### EXERCISE DETAILS
From the entries below, reproduce exactly the lines from the one with "Fit was great" through the one with "The Virgo Crystal", both included, without images.
Start of SUPPLIED ENTRIES
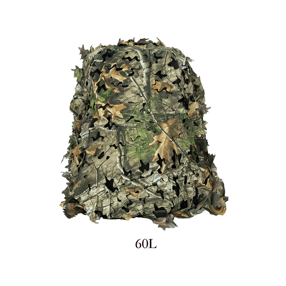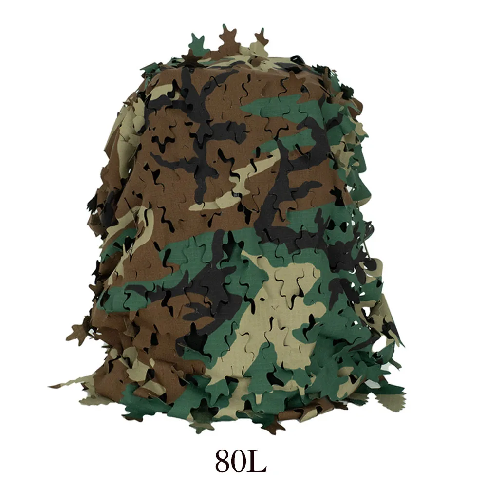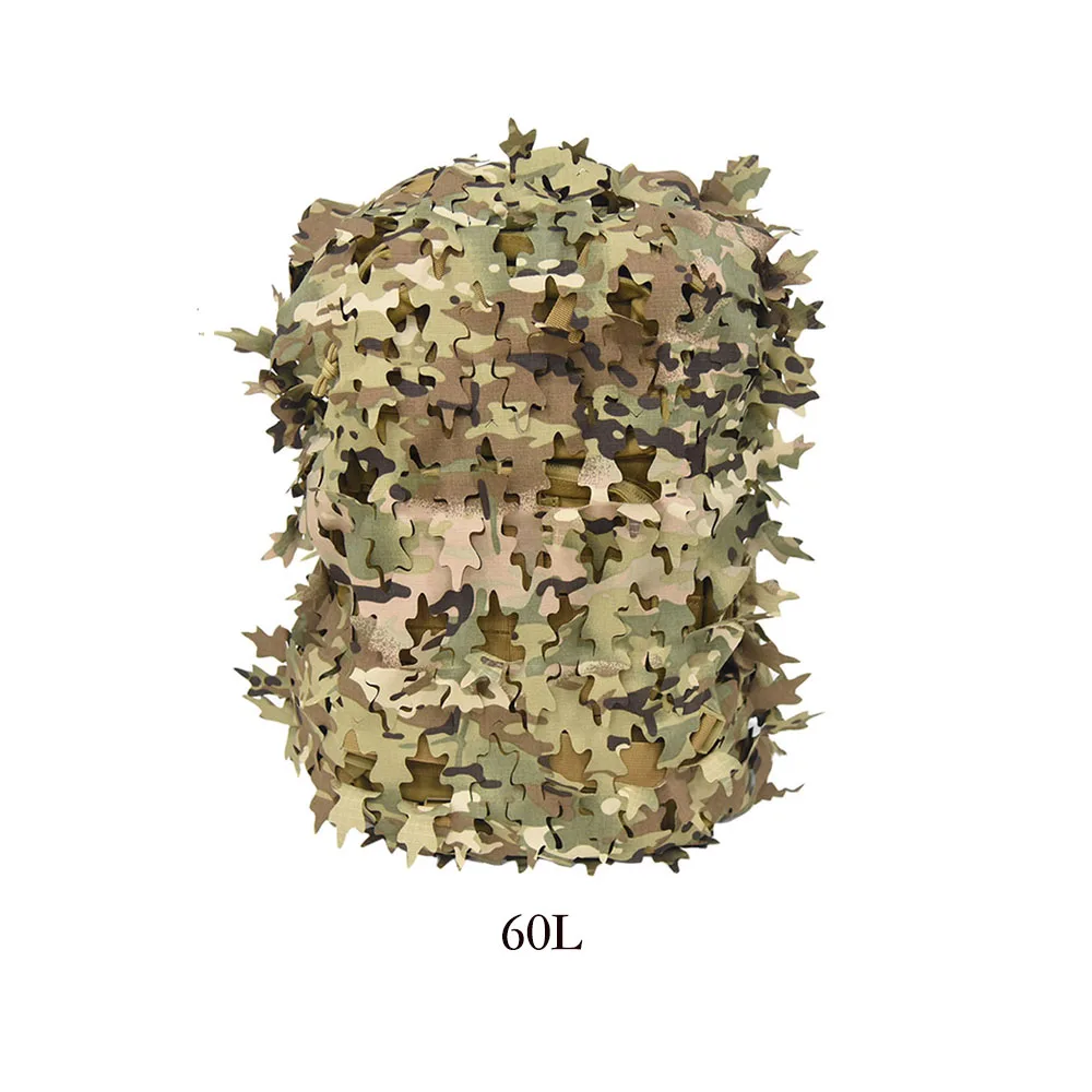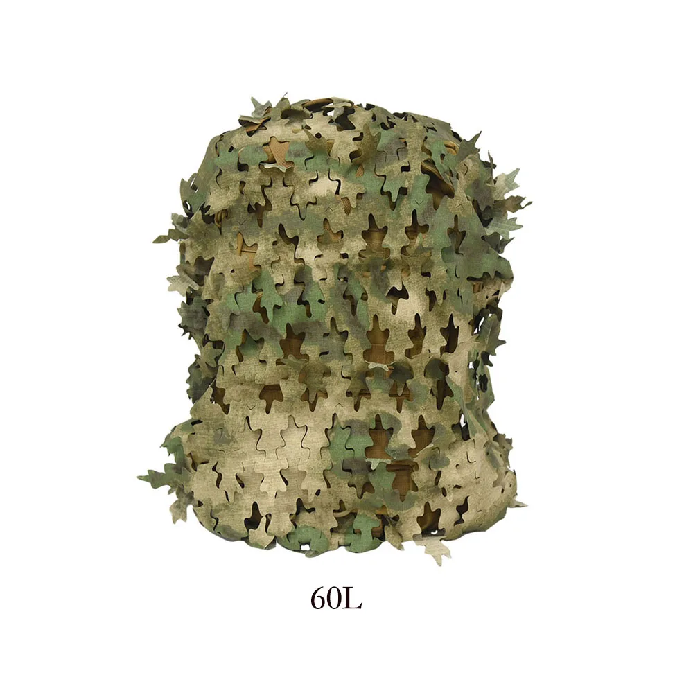 Funda de mochila de red con forma de hoja biónica 3D, 60L 80L, cubierta de mochila de caza cortada con láser, Paintball, paracaidista
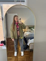 Fit was great and loved pairing with some jeans. Added a little fun color to my outfit!
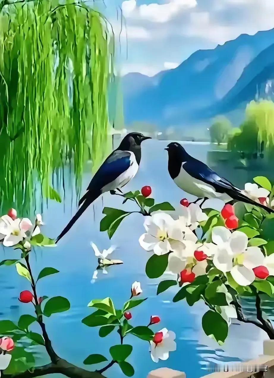 上联:蝶舞花香春色浓 下联:莺啼柳翠百花香 横批:春和景明
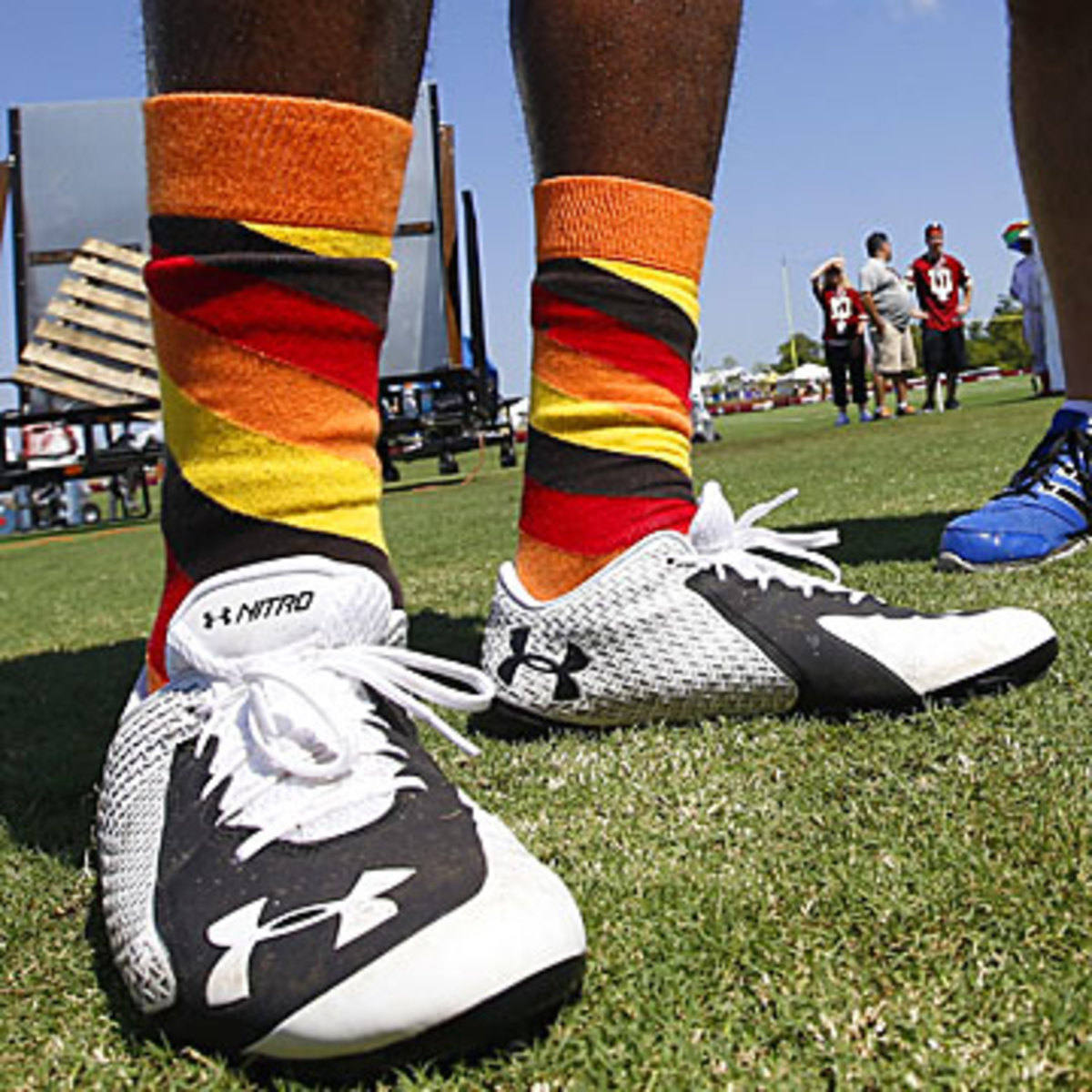 CLARK: No, man. I know you guys only think Robert has the market cornered on socks. But I was doing this before Robert Griffin III got to the NFL. I just do this for me though. I have a ton of socks with me on this trip. I always have a fun backpack of socks. My kids pick them out for me in the offseason, so I wear them when I come to camp. It keeps a little piece of them out here with me while they're at home.
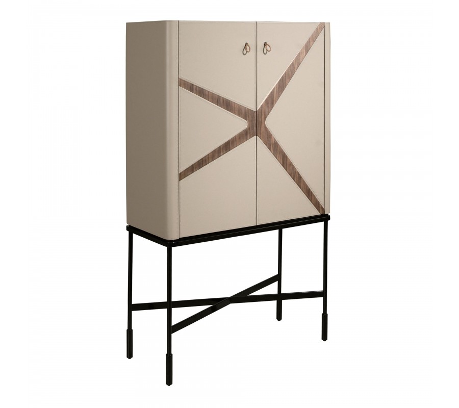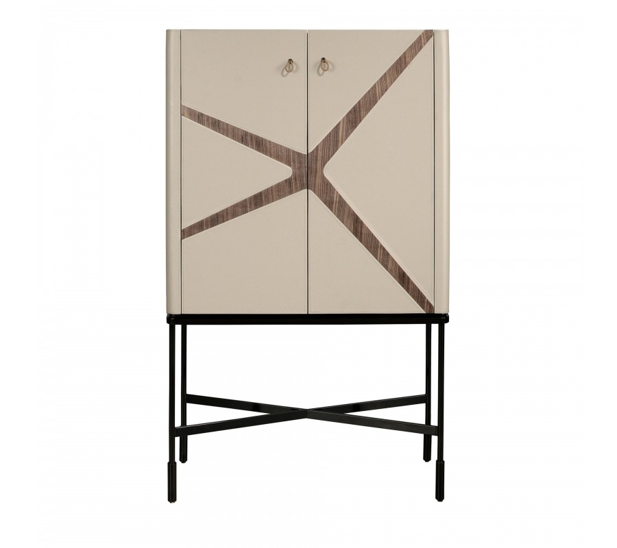 Telo skrinky má obdĺžnikový pôdorys a je vyrobené z pravej orechovej dyhy s naturálnej teplej hnedej farbe. Jemná kresba letokruhov vytvára subtílnu vizuálnu štruktúru a zároveň prináša do kompozície prírodné teplo. Bočné strany sú pokryté poťahom z pravej kože v norkovej béžovej farbe. Na dvierkach je v poťahu výrez v tvare asymetrického X, ktorý odhaľuje drevo pod poťahom. Toto zdobenie pôsobí moderným dojmom a dodá priestoru minimalistický dekoratívny prvok.
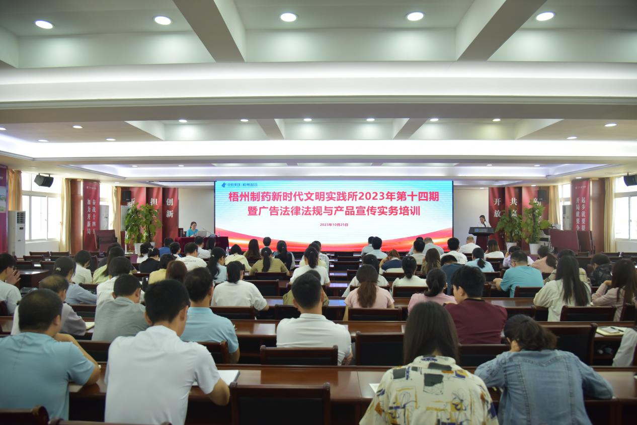 近日,梧州制藥在公司辦公樓六樓一號(hào)會(huì)議室舉辦新時(shí)代文明實(shí)踐所2023年第十四期暨廣告法律法規(guī)與產(chǎn)品宣傳實(shí)務(wù)培訓(xùn),特邀梧州市市場(chǎng)監(jiān)督管理局廣告監(jiān)督管理科科長(zhǎng)謝艷娟前來(lái)授課,梧州制藥各部門(mén)、各車(chē)間,以及集團(tuán)公司和各兄弟企業(yè)相關(guān)人員共計(jì)90余人參加培訓(xùn)。
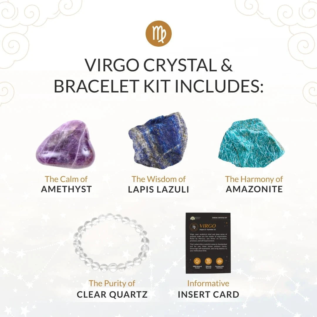 The Virgo Crystal Bundle is crafted to support your analytical mind, enhance intuition, and promote a sense of calm. Whether you're seeking mental clarity, emotional balance, or spiritual connection, this bundle will guide you toward your highest potential.
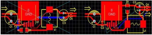 開關(guān)電源PCB設(shè)計時,需要注意的地方是:反饋線的引入點、續(xù)流二極管是給誰續(xù)流。從圖三可以看出,U1導(dǎo)通時,電流I2進(jìn)入電感L1,電感的特性是電流在電感里流過時不能突然產(chǎn)生,也不能突然消失,電流在電感里的變化時有一個時間過程的。在脈沖電流I2流過電感的作用下,有部分電能轉(zhuǎn)換成磁能,電流逐漸增大,到一定時候,控制電路U1關(guān)斷了I2,由于電感的特性,電流不能突然消失,這時候二極管起作用了,它接替電流I2,所以叫續(xù)流二極管,可以看出,續(xù)流二極管是給電感用的,續(xù)流的電流I3是從C3的負(fù)端出發(fā),經(jīng)D1,L1后流入C3的正端,這里就相當(dāng)于抽水機(jī),利用電感的能量,把電容C3的電壓提高了。還有就是電壓檢測的反饋線引入點問題,應(yīng)該是經(jīng)過濾波后的地方反饋回去,不然會使輸出的電壓紋波更大。這兩點是我們很多PCB設(shè)計人員經(jīng)常忽視的地方,以為同一個網(wǎng)絡(luò),接在那兒不是一樣,其實接的地方不一樣,性能影響是很大的。圖四是LM2575開關(guān)電源PCB圖,大家看看錯的那幅圖是哪里錯了。
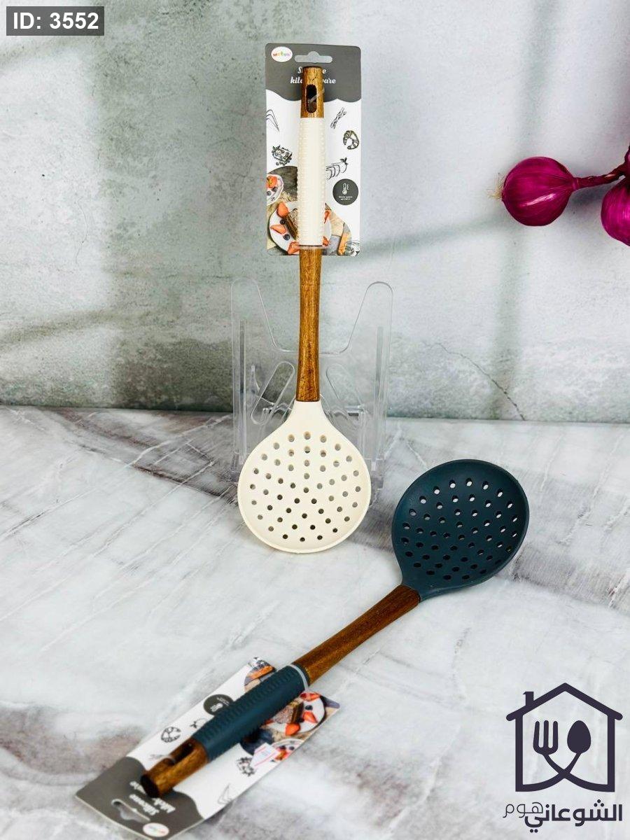 مغرفة سيليكون يد خشب غامق اطار سيليكون مخرم
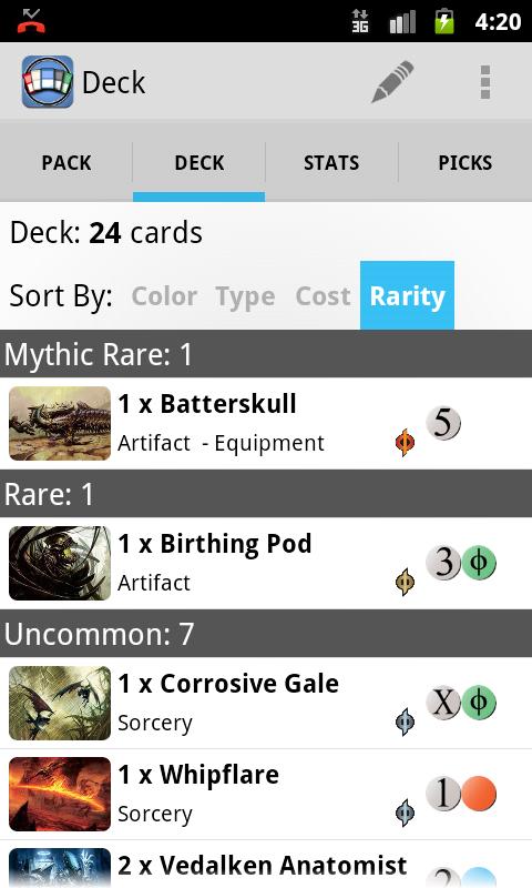 After the draft is finished, build your deck using the simple interface, swapping cards around with a simple touch. Once the deck is built, test it in the draw simulator, email the list to your friends, or print out the decklist and assemble the deck with your own collection! Or access the handy card ratings and strategy tips at any time, making Decked Drafter the perfect pocket guide for your next draft event.
End of SUPPLIED ENTRIES
### TASK SOLUTION
 Fit was great and loved pairing with some jeans. Added a little fun color to my outfit!
 上联:蝶舞花香春色浓 下联:莺啼柳翠百花香 横批:春和景明
 CLARK: No, man. I know you guys only think Robert has the market cornered on socks. But I was doing this before Robert Griffin III got to the NFL. I just do this for me though. I have a ton of socks with me on this trip. I always have a fun backpack of socks. My kids pick them out for me in the offseason, so I wear them when I come to camp. It keeps a little piece of them out here with me while they're at home.
 Telo skrinky má obdĺžnikový pôdorys a je vyrobené z pravej orechovej dyhy s naturálnej teplej hnedej farbe. Jemná kresba letokruhov vytvára subtílnu vizuálnu štruktúru a zároveň prináša do kompozície prírodné teplo. Bočné strany sú pokryté poťahom z pravej kože v norkovej béžovej farbe. Na dvierkach je v poťahu výrez v tvare asymetrického X, ktorý odhaľuje drevo pod poťahom. Toto zdobenie pôsobí moderným dojmom a dodá priestoru minimalistický dekoratívny prvok.
 近日,梧州制藥在公司辦公樓六樓一號(hào)會(huì)議室舉辦新時(shí)代文明實(shí)踐所2023年第十四期暨廣告法律法規(guī)與產(chǎn)品宣傳實(shí)務(wù)培訓(xùn),特邀梧州市市場(chǎng)監(jiān)督管理局廣告監(jiān)督管理科科長(zhǎng)謝艷娟前來(lái)授課,梧州制藥各部門(mén)、各車(chē)間,以及集團(tuán)公司和各兄弟企業(yè)相關(guān)人員共計(jì)90余人參加培訓(xùn)。
 The Virgo Crystal Bundle is crafted to support your analytical mind, enhance intuition, and promote a sense of calm. Whether you're seeking mental clarity, emotional balance, or spiritual connection, this bundle will guide you toward your highest potential.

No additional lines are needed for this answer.